I love the variety in my job and one of the things I often get asked about is the famous athletes I work with and how I can coach a sport I don’t play. The simple answer to that is I do not coach the sport, I coach the person. The body has physical limitations and it requires someone very proficient in the theory of the sport to train a professional athlete, but the brain has no limitations but the ones we set upon it with our beliefs. A sports coach coaches the subject, I make sure that their student has the drive, determination, willpower, motivation, belief, confidence and mental fitness for the job. I coach the psychology.
I have been working in sports psychology for a number of years now, triggered by my love of rowing and tennis which both tend to get a tad competitive and although I do of course coach rowers and have been involved in the sport since I was 17. Here is a picture of me with one of my Cambridge men’s eight’s after they won their race (indicated by the green in their hair) not a fashion statement! Some of them had only been rowing a few months which shows it’s mentality as well as talent.
I also coach professionals in sports I have very little interest in such as football and also coach clients who compete in sports that I am developing an interest in such as yacht racing.
The principle is the same, my job is to keep their head in the game, make sure they leave their ego at the door and rocket their self-belief and internal drive to the greatest heights. If you think the physical training for competitive sport is tough, the mental training is another level. However, it produces winners ever time. I don’t accept average and neither do my clients. That’s why they win the medals and go on to play a sport they love and get paid for it!
Should I keep something in reserve?
I understand why people ask themselves this question as it could be seen as a tactical advantage to pull out the stops at the end, however, the short answer is if I was your coach, I would say definitely no do not keep something in reserve – give it your all from the very start.
There are two reasons I say this, the first is that keeping something in physical reserve is a mindset, where you are putting limiting beliefs on your body that there is a reserve. What if today was the day you had 10% more energy and skill than ever before? The second reason is no one ever became successful by giving 75%.
There is a good scene in a film called “Gattica” where the protagonist was asked how he managed to defy his genetics and out swim his brother (who was genetically superior in every way) to a rock in the middle of the sea. His answer was simple. He stated he never saved any energy for the swim back. His mental concentration and commitment to getting to the rock first enabled him to give 110% because he was not saving himself for anything else.

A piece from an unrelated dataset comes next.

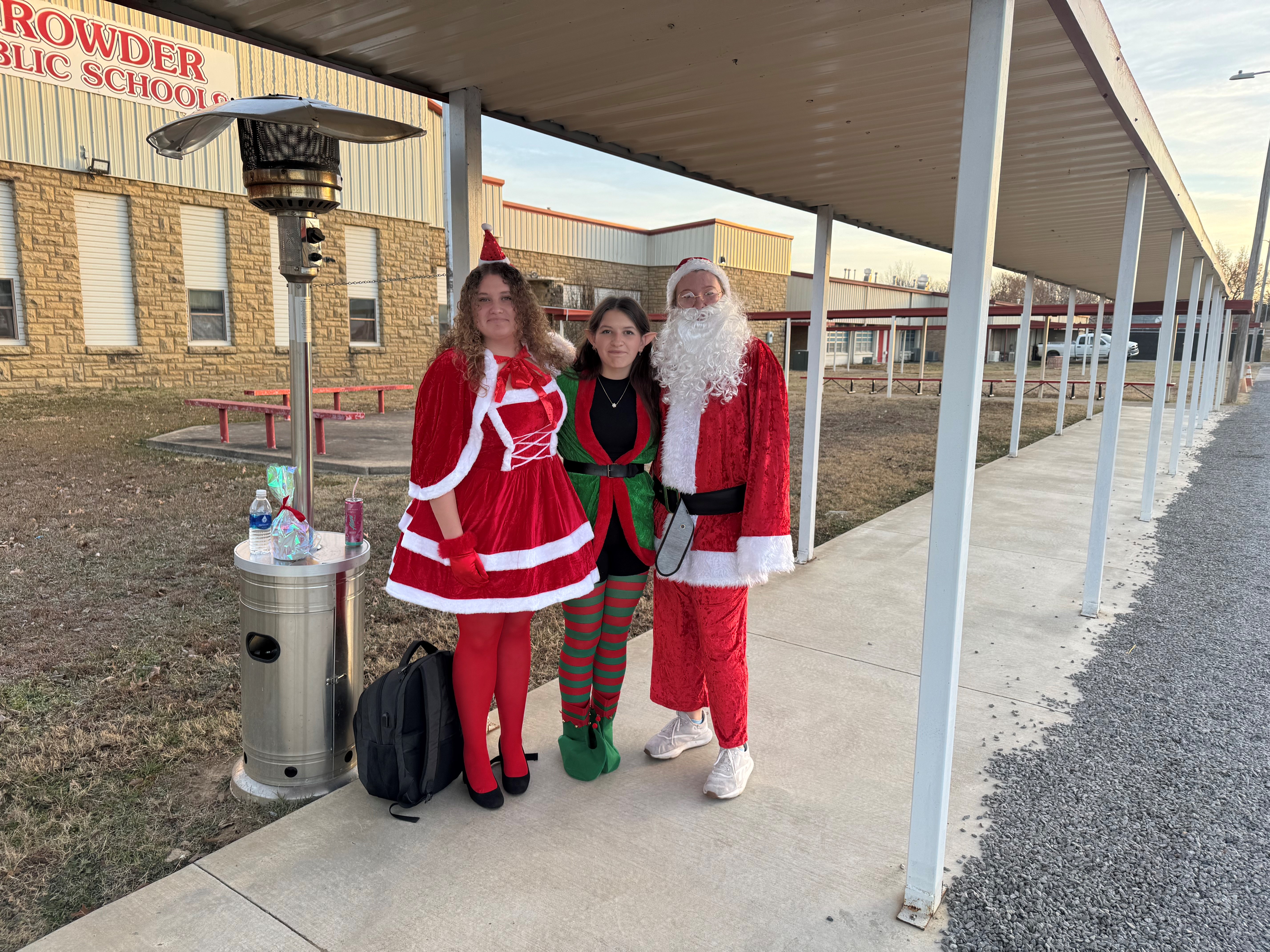 Santa's Helpers came to help open car doors and greet students on our last day before Christmas Break.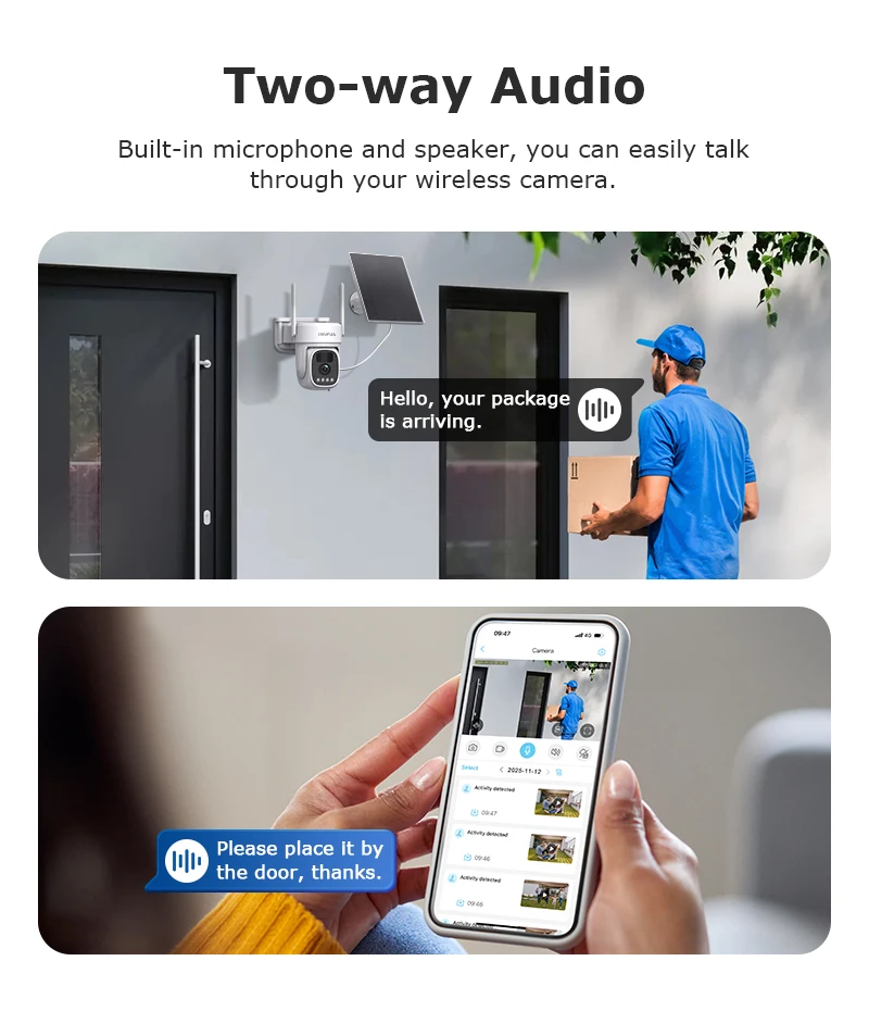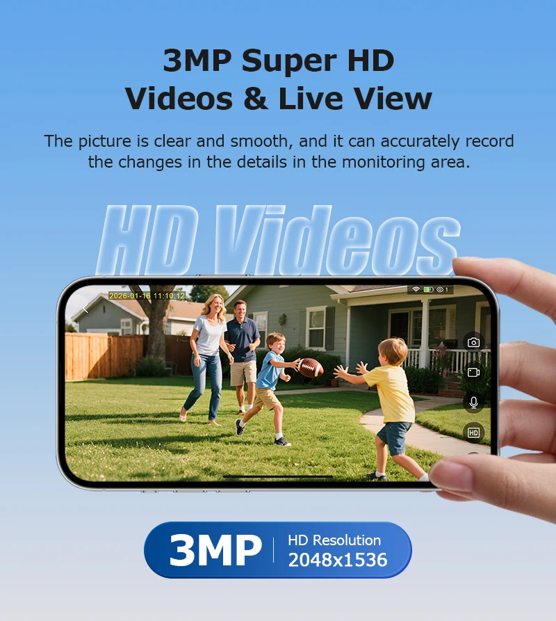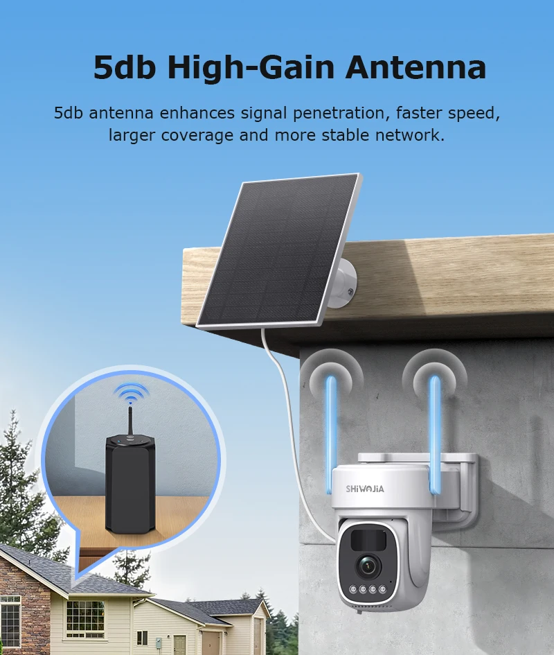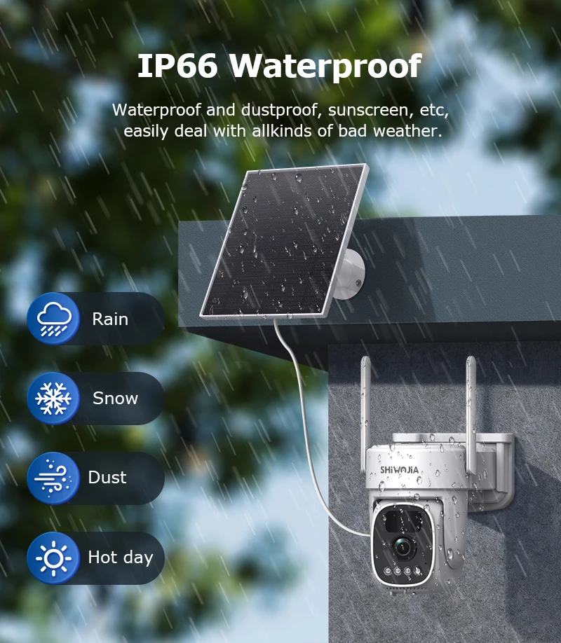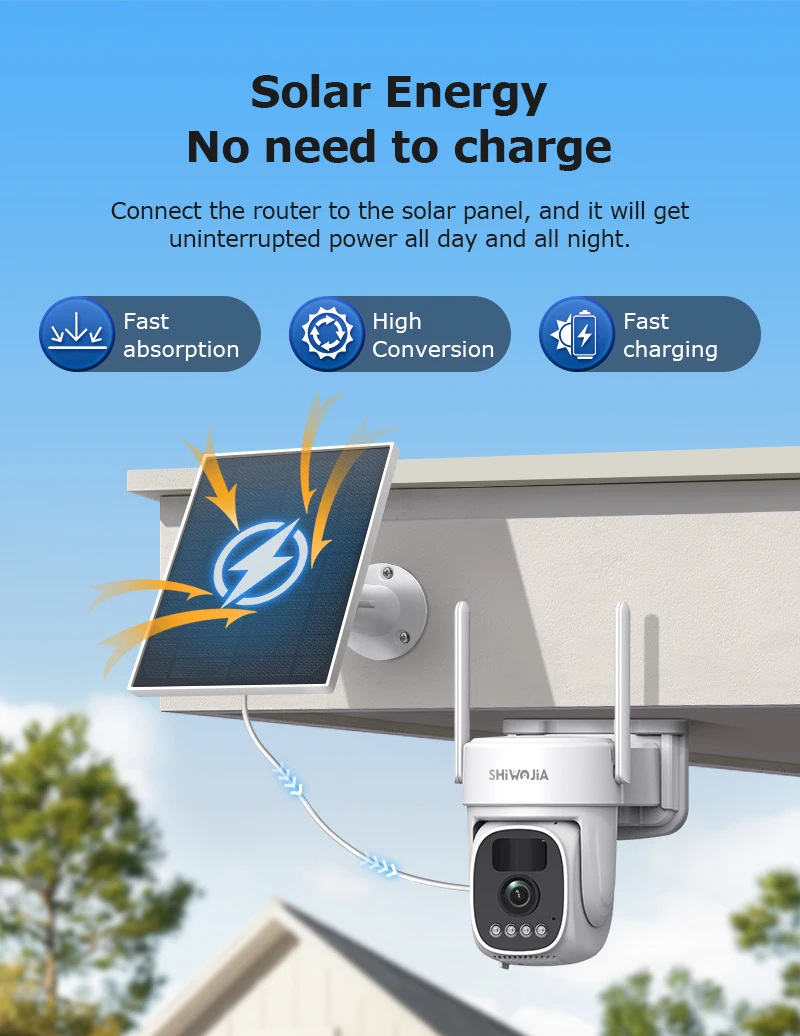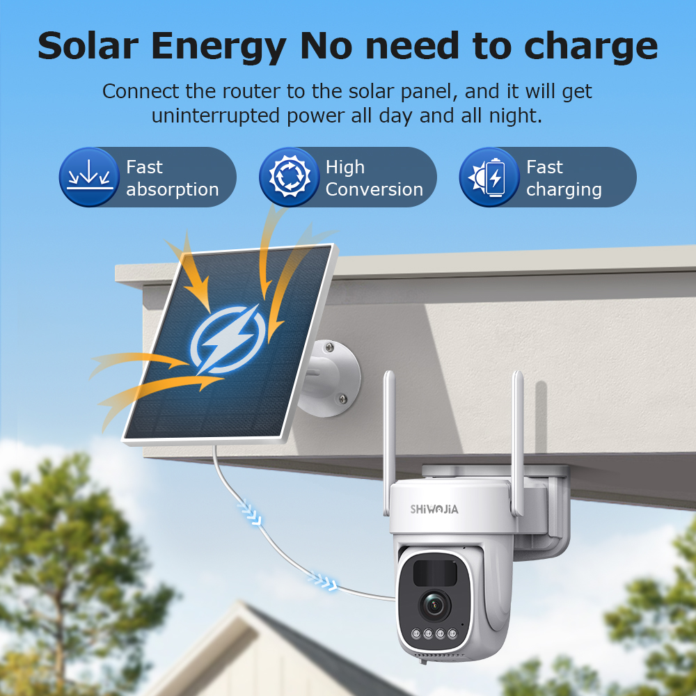 •Solar Cam Camera: Equipped with a 3W solar panel and built-in 8000MA high-capacity lithium battery, it is durable and long-lasting

It is commonly said in the Sports Psychology arena that results do not yield themselves to the person who refuses to give himself to the desired results. In fact, a person might be considered a ‘hold out’ if they are keeping something in reserve. Which in itself doesn’t seem so harsh but when evaluated, it has been said such ‘hold outs’ lack the motivation to invest themselves 100% in competition and therefore do not achieve their highest attainable goal or performance. With that definition to the label, which is a polite form of the childhood “loser” jibe you can now see why keeping something in reserve is not the aim of the game in high level competition. You really do have to give it your all. Sleeping like a baby is better left for the afterlife.
What motivates people?
The component under analysis here is human potential and the inner motivation or drive to make productive use of both one’s genetic potential (i.e stature, gender, IQ etc..) and one’s acquired potential (i.e knowledge, experience, skills etc.) As we saw above with the “Gattica” example inner motivation can override acquired potential if the will is strong enough. Your beliefs are stronger than your physiology. We see this time and time again where “miracles” occur. Patients cure themselves of cancer, mother’s protect their children from danger with unfettered strength and world records are smashed. These miracles come from belief and intention. It’s these components that drive people forward. Some people refer to such drive as motivation.
Motivation itself comes in two forms – inner and outer. Inner motivation is the natural inner drive or urge to use the talents and knowledge we possess to achieve far in excess of what others believe to be possible. People do this by utilising all the gifts they have been given and an unshakeable belief and drive in themselves. Whereas outer motivation is where someone motivates someone else – perhaps a coach or cheerleaders or fans even agents/managers providing bonuses etc. Motivation can also be based on fear or reward but this too is outer motivation as it is not coming from a place within but an external set of circumstances.
How can sports psychology help in daily life?
Three elements that make up a person’s potential are talent, empowerment and psychology. If you have the know-how, and you have a good sports coach all you need is the right psychology and your goal will become easier to grasp.
So in answer to the question how can sports psychology help you in daily life, it can teach you how to give 110% every day without giving up your energy. In fact, you can feel more energised by that which you are achieving. It can teach you how to win at the tasks you need to accomplish in your day. It can also teach you how to get paid for doing something you love. It can be adapted for every area that you desire to achieve a goal in even if not a sport.